By Mitch Phillips
LONDON (Reuters) - England captain Owen Farrell was given a five-match ban on Tuesday following his red card for a dangerous high tackle playing for Saracens on Saturday -- leaving him free to feature for his country in their October and November internationals.
The suspension means he will miss Saracens' European Cup quarter-final at Ireland's Leinster, further potential games in that competition and several matches in the Premiership, from which the club will be automatically relegated this season after breaching salary cap rules.
Farrell was sent off after 61 minutes of Saturday's defeat by Wasps after a wild, high tackle that caught 18-year-old replacement flyhalf Charlie Atkinson in the face as the England captain tried to react to the teenager's side-step.
After a four-hour hearing on Tuesday, Independent panel chair Mike Hamlin said: "It was accepted by the RFU, the player and the Panel that the offending was reckless and not intentional.
"This was a totally unacceptable contact with the neck/head of Charlie Atkinson as a result of a reckless tackle which had the consequences of him being knocked unconscious and sustaining a concussion.
"This resulted in the Panel concluding that this was a top end offence with an entry point of 10 matches.

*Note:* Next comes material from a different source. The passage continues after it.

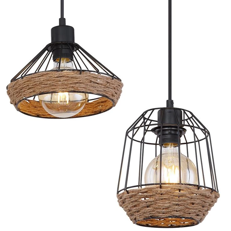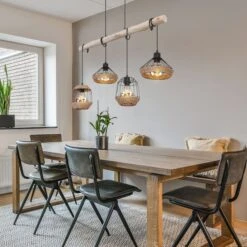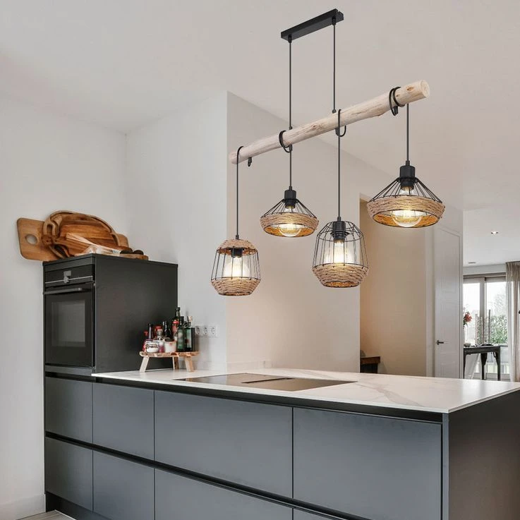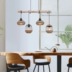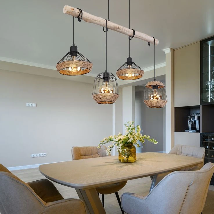 Die 105 cm lange Hängeleuchte besteht aus einem Holzstab, der mit vier schwarzen Kabeln umwickelt, von der Decke hängt. Die Kabel sind mit vier schwarzen Metallgitterschirmen versehen, welche Sie mit E27-Leuchtmitteln Ihrer Wahl bestücken können. Dadurch haben Sie die Möglichkeit, Lichtfarbe und Helligkeit individuell zu bestimmen.
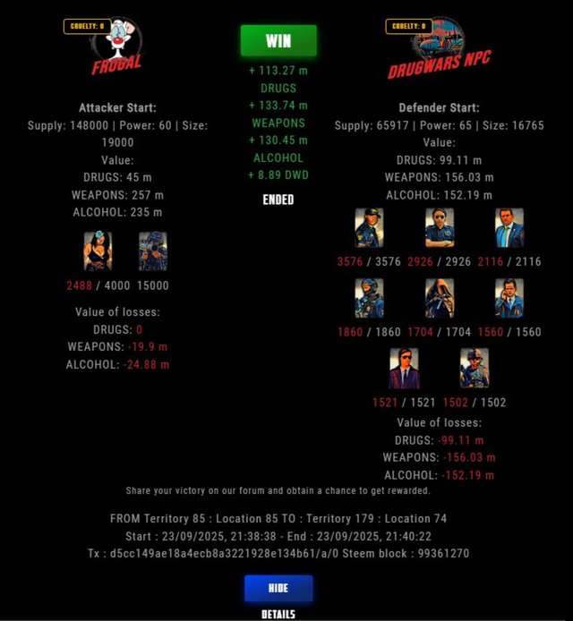 Check my latest fight ! frugal vs The Govermentfrugal-fun (65)in DrugWars • 16 days ago #drugwars-fight #gaming #fight #dw

There were no aggravating features."Testimonials provided by Mark McCall, Eddie Jones and the founders of a charity with which the player works very closely were of the highest quality.
"The Panel concluded that applying the off-field mitigating factors, notwithstanding his suspension four and a half years ago, the player was entitled to a reduction from 10 matches to five meaningful matches. The player is free to play again on 5 October."
England travel to Italy in their rearranged Six Nations game at the end of October and then play a "mini" Six Nations, probably also including Georgia, in November.
England have a game against the Barbarians before the Italy match, though Farrell would have been unlikely to feature.